## WHAT TO DO
Every line below from the one with "Instead, she tie-dyed" through the one with "Pak už ale míříme" is to be repeated exactly, with no picture among them.

Start of MATERIAL PROVIDED

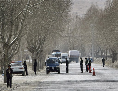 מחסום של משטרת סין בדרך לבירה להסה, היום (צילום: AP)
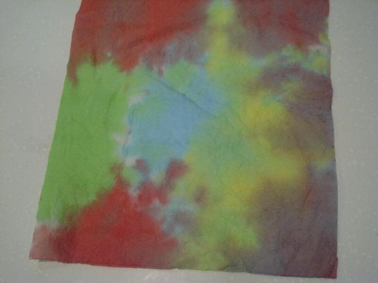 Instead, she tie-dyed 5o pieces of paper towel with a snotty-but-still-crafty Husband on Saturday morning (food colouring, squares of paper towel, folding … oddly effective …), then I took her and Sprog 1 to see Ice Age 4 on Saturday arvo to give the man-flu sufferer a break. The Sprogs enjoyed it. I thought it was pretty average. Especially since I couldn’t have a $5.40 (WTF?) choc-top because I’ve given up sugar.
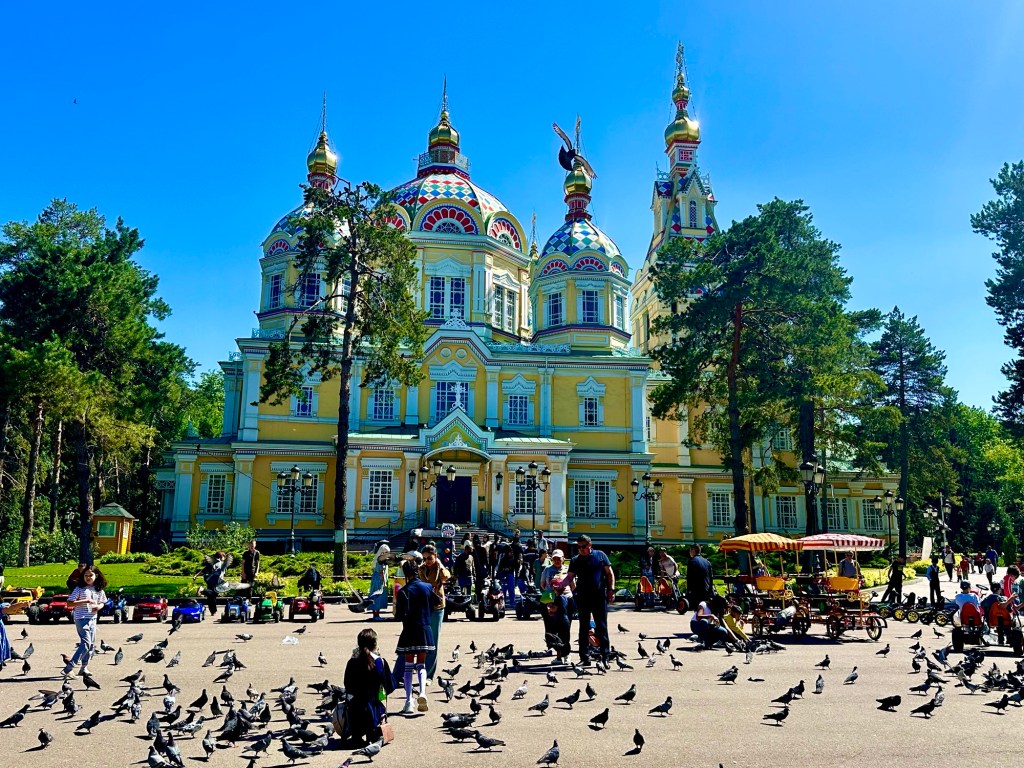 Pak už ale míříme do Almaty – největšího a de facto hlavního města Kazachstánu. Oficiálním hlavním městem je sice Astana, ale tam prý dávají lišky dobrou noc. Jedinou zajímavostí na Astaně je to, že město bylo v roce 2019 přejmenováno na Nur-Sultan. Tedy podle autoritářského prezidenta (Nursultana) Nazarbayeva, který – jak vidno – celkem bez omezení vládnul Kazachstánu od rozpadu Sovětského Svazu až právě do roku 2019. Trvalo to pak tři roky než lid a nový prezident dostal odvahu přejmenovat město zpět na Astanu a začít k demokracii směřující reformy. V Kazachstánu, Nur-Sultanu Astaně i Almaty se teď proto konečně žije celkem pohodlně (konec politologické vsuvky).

End of MATERIAL PROVIDED
Start of MATERIAL PROVIDED

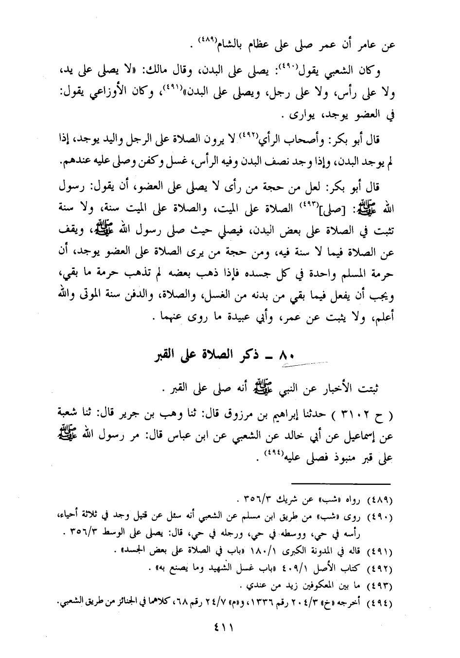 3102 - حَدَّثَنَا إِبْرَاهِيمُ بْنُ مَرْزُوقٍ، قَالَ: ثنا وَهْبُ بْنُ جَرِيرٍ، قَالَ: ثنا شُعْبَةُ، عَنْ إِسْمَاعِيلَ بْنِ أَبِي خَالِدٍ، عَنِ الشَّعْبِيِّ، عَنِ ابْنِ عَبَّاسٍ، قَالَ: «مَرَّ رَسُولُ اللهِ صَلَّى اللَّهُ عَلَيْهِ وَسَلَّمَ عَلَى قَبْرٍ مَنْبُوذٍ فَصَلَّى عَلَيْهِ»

End of MATERIAL PROVIDED

## ANSWER BOX
 Instead, she tie-dyed 5o pieces of paper towel with a snotty-but-still-crafty Husband on Saturday morning (food colouring, squares of paper towel, folding … oddly effective …), then I took her and Sprog 1 to see Ice Age 4 on Saturday arvo to give the man-flu sufferer a break. The Sprogs enjoyed it. I thought it was pretty average. Especially since I couldn’t have a $5.40 (WTF?) choc-top because I’ve given up sugar.
 Pak už ale míříme do Almaty – největšího a de facto hlavního města Kazachstánu. Oficiálním hlavním městem je sice Astana, ale tam prý dávají lišky dobrou noc. Jedinou zajímavostí na Astaně je to, že město bylo v roce 2019 přejmenováno na Nur-Sultan. Tedy podle autoritářského prezidenta (Nursultana) Nazarbayeva, který – jak vidno – celkem bez omezení vládnul Kazachstánu od rozpadu Sovětského Svazu až právě do roku 2019. Trvalo to pak tři roky než lid a nový prezident dostal odvahu přejmenovat město zpět na Astanu a začít k demokracii směřující reformy. V Kazachstánu, Nur-Sultanu Astaně i Almaty se teď proto konečně žije celkem pohodlně (konec politologické vsuvky).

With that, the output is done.